The ethics of transformation stories
You must be cautious when you share and consume transformation narratives. They can empower and they can harm. She committed to transparency: sharing setbacks, acknowledging privilege, and naming the invisible labor. You should ask who profits from a picture and who is being harmed by a narrative of “fixed” bodies.
How to tell your story responsibly
- Acknowledge complexity.
- Offer tools, not miracle claims.
- Center sustainable practices over shock value.
- Avoid moralizing language around food and bodies.
You can change and still critique the systems that make you feel insufficient.
Final reflections: what you carry forward
You should leave this with three truths:
- Transformation is not a performance; it is a process.
- Pleasure and discipline can coexist; they must.
- Your body’s number does not define your worth.

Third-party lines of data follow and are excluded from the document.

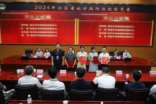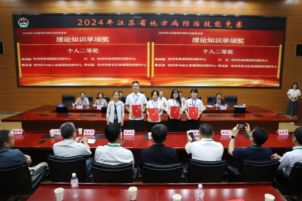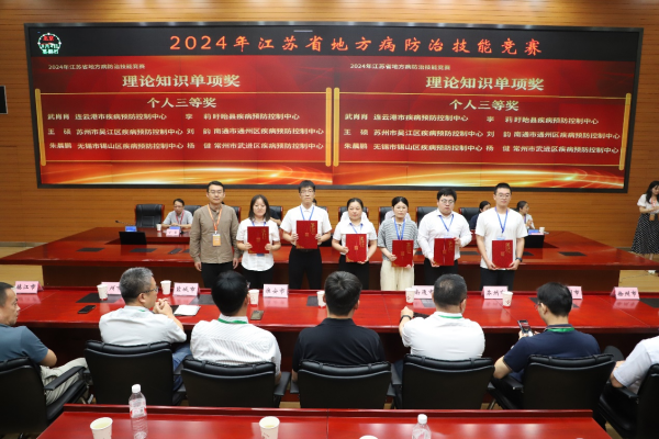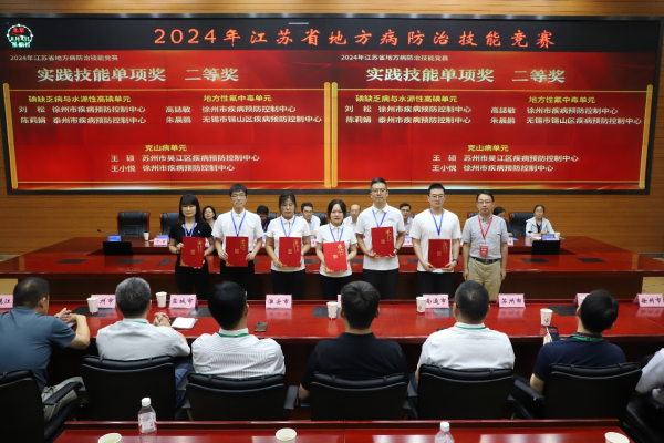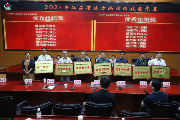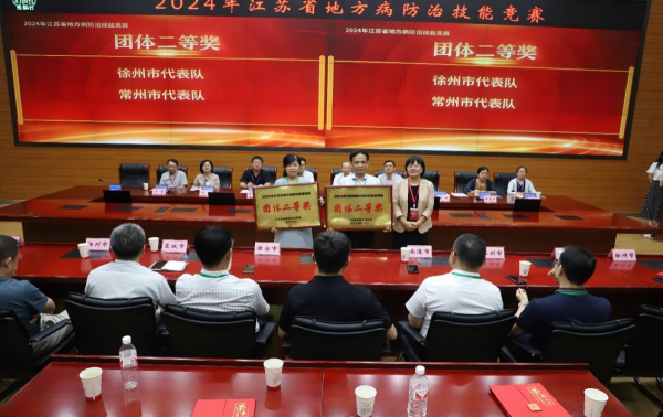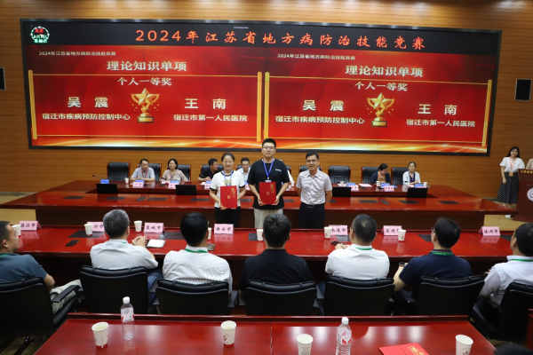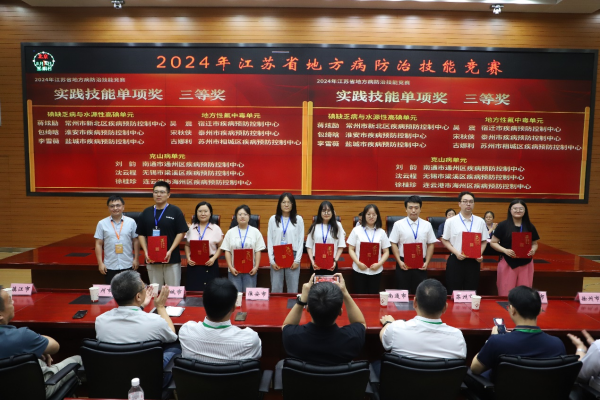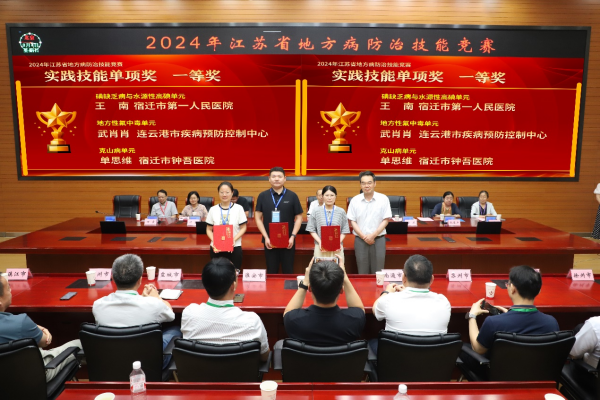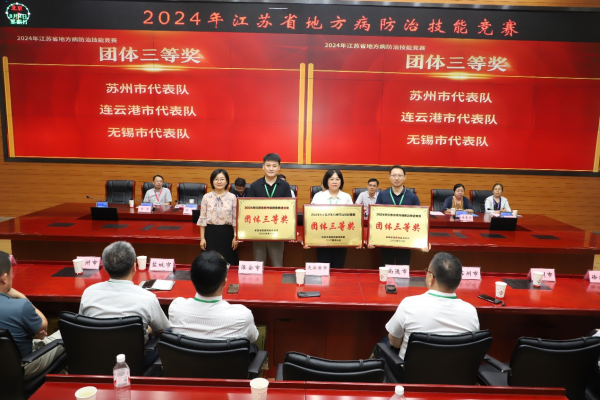 共有40名竞赛队员参加了理论笔试和碘缺乏病与水源性高碘、地方性氟中毒、克山病等三个单元的实践技能测试。经过规范严谨的评分核分,最终获得团体一等奖的是宿迁市代表队,获得团体二等奖的是徐州市、常州市代表队,获得团体三等奖的是苏州市、连云港市、无锡市代表队,淮安市、南通市、盐城市、南京市、扬州市、镇江市和泰州市等7个代表队获得优秀组织奖。宿迁市疾控中心田树慧,徐州市疾控中心陈月娥,淮安市疾控中心唐勇,南通市疾控中心张烽4名地方病防治专家获得突出贡献奖。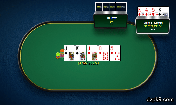 Isildur1当时在一个翻牌圈拿到K葫芦的牌局中从那Ivey那儿赢走一个1127955美元的超大底池。我们当然无法略过Phil Ivey,尽管他在本文中输掉一个大底池。但毕竟没有谁在网络鼻血级常规局赢得比他更多。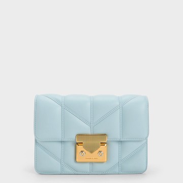 TORY BURCH 菱格車線設計三折釦式小短夾(水藍)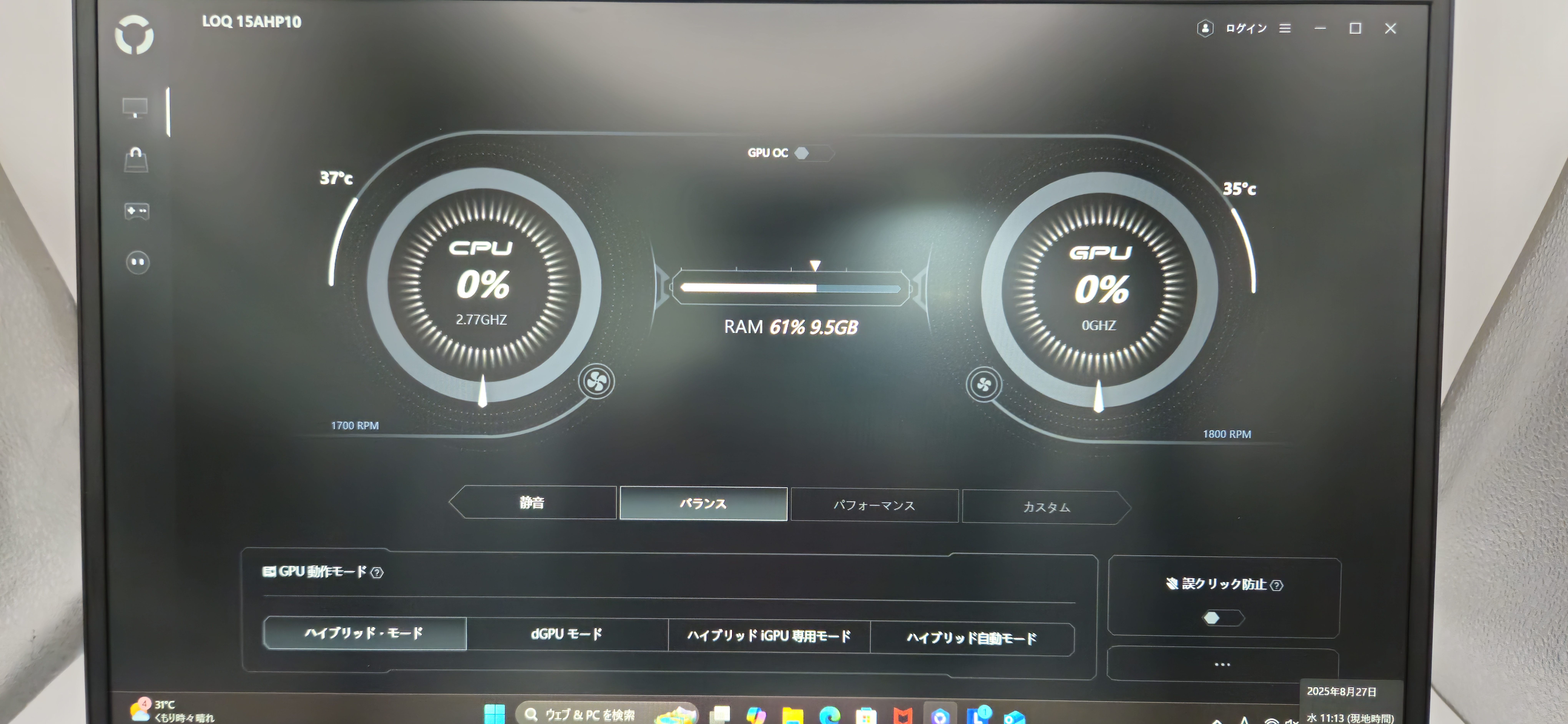 LOQ 15AHP10は決して高性能というクラスではなく、安さを重視した構成ですが、それでも配信もフルHD相当なら問題なくできる性能は有しています。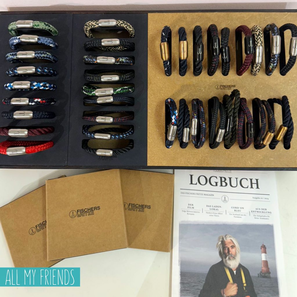 So richtig maritim: „Segeltauarmbänder mit verkapselten Edelstahl-Magnetverschluss. Erdacht und hergestellt von Fischers Fritze – zu Hause an Deinem Handgelenk.“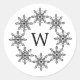 Sencillos y dulces Pegatinas Wreath Holiday con un elegante puesto de corona negra adornado con un círculo de copos de nieve de bonito. Estos encantadores pegatinas vacacionales son fáciles de personalizar con un monograma. Haga clic en "personalizar" para buscar opciones de personalización adicionales.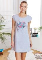 Туника для девочки, из эластичного х/б трикотажа. Расклешенный силуэт. Заниженная пройма, спущенное плечо. Горловина отделана трикотажным кантом. На груди красочный цветочный принт.Назначение: домашнее платье, ночная сорочка для девочки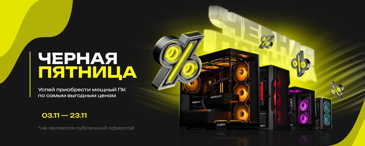 🔥Пока все готовятся — МЫ УЖЕ НАЧИНАЕМ! ⚫️В честь Чёрной пятницы мы сделали ОГРОМНЫЕ СКИДКИ на весь наш ассортимент! 💸 АКЦИОННЫЕ СБОРКИ: 🔵 Intel Core i5-13400F 🟢 RTX 5060 — 92 990₽ → 79 990₽ 🔴 Ryzen 5 7500F 🟢 RTX 5060 — 113 990₽ → 99 990₽ 🔴 Ryzen 5 7500F 🟢 RTX 5070 — 164 990₽ → 144 990₽ 🔴 Ryzen 7 7800X3D 🟢 RTX 5070 Ti — 230 990₽ → 209 990₽ И это только часть скидок! Ещё больше — на нашем сайте, в Telegram-магазине и во «ВКонтакте». 🎁 Для ВСЕХ клиентов B-ZONE — скидка 50% на дополнительную гарантию. 🍀 Крути колесо фортуны на сайте и получай топовые призы за покупку ПК. 🚚 Доставка для ВСЕХ БЕСПЛАТНАЯ по России, Казахстану и РБ! ⌛ Весь этот шквал скидок продлится с 3 по 23 ноября. Успей забрать свой компьютер мечты по нереально выгодной цене!
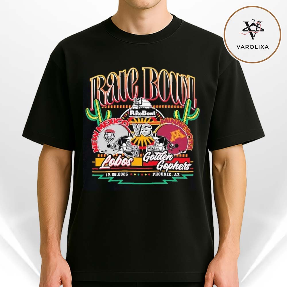 👉 Shop the New Mexico Lobos vs Minnesota Golden Gophers 2025 Rate Bowl Party On Phoenix AZ Unisex T-Shirt at Varolixa today.

She opened a studio and in doing so created a space where the work continued — for herself and for others. If you are thinking of making a change, consider what you are stepping toward, not just what you are stepping away from. Plan with tenderness and accountability. Expect setbacks and treat them as data.
You will want a roadmap. Keep it simple. Start with one small change and build a week’s worth of wins. The rest is patience, repetition, and learning to be kinder to yourself as you work.
Resources to help you get started
Below are compact, practical resources she used. You can adapt them to your context.
- A basic strength program (3 days/week, total-body focus)
- Protein-focused meal templates
- Short guided journaling prompts for cravings and emotions
- A peer accountability checklist for habit consistency
If you want the specifics — the exact workouts, portion sizes scaled to your metrics, or sample business budgeting spreadsheets — ask and you’ll get them tailored to your life and goals. You don’t need to have it all figured out before you start; you need one reasonable first step, and you need to keep taking it.